Funny you should mention Alkyd. I was about to mention it as a good paint for metal. I know someone who does very nice silkscreens on watch dials using Alkyd.


----------



## McHaggis (Jun 12, 2015)

randallzadar said:


> Here is a Timex that had a completely ruined dial. Decided to do something fun with this one. I get so many comments when wearing this watch.
> 
> View attachment 4413650


how did you get that effect, I haven't seen anything like that before?


----------



## Archer (Apr 23, 2009)

Somewhere else said:


> Painting leaves brush strokes.


Only if you use a brush...


----------



## salayc (Mar 29, 2012)

Somewhere else said:


> No they are not. Painting leaves brush strokes.


If a watch dial is painted, it is frequently done by spraying although there are some other trade secret ways to paint the dial. Note that many dials are chemically treated brass to get their background color: Rolex, for example.



Somewhere else said:


> The base color of the dial is done by pad printing. Visit a dial printer some time.


I have been to many and I have owned a pad printer and printed my own dials. I have never seen the background pad printed. It would actually pose a problem to pad print a background: how would the dial be held in place and not stick to the pad if the entire surface were to be printed?

You can also view online videos showing the process and the various techniques.

You can see around 3:00 in this video a dial by IWC being pad printed 



 In this case the dial background is already finished. Judging by the look of the dial, it has been chemically treated and then clear coated prior to the pad print, although in the case of many of the flieger watches, IWC paints by spray.

Here's Glashutte: 



 at 1:35 you can see them finishing the background with German Silver.

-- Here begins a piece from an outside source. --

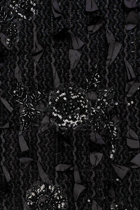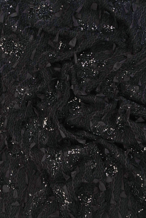 Talianska, exkluzívna látka pripomínajúca vo väzbe čierne bucles. Látka má husto tkané čierne stuhy, ktoré vyčnievajú 2,5 cm a vyšívané čierne kvety, husto zdobené čiernymi flitrami a korálkami. Látka je neelastická, voľne tkaná, jemne prehodená, s jasnou štruktúrou. Zaujímavá ponuka, z ktorej môžete vytvoriť šaty, sukne, ale aj elegantné vrchné oblečenie, ako sú peleríny, vesty.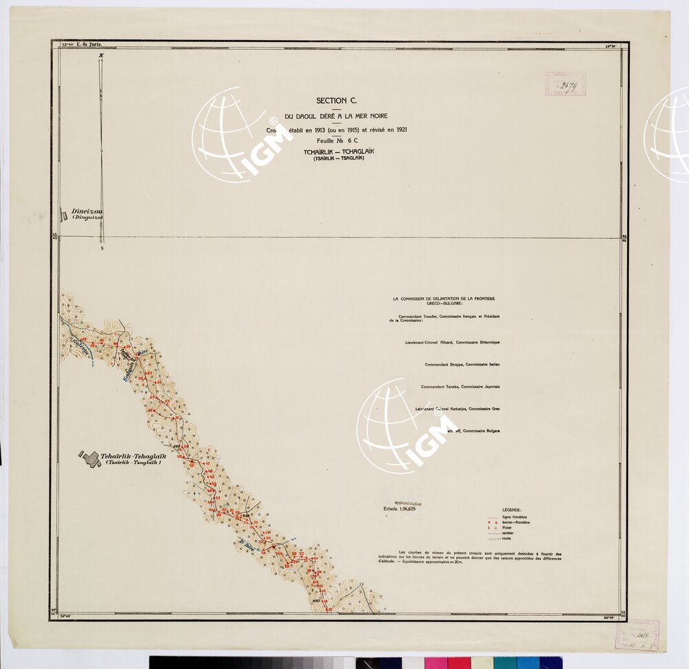 Autore Commissione Confini. Rappresentazione orografica a curve di livello. Editore Imprimerie D’ Etat – Luogo di edizione Sofia. Grafia francese locale. Tipologia policroma.

Here is Quadrance producing for Parmigiani with silver and spray finishing: 




Franck Muller who chemically treat and then clear coat and polish before pad printing and luming with a Zeller Stylograph: 




Might as well throw in a wonderful pad printing example by Hajime Asaoka, as you can see his dials are already finished before printing, and you can also see the physical problem that trying to pad print an entire background would present: 




This is not to say that watches are never or cannot be brush painted. It is done, although rarely, which was my original point. In order to get a professional result, it's advisable to stick with the tried and true techniques.


----------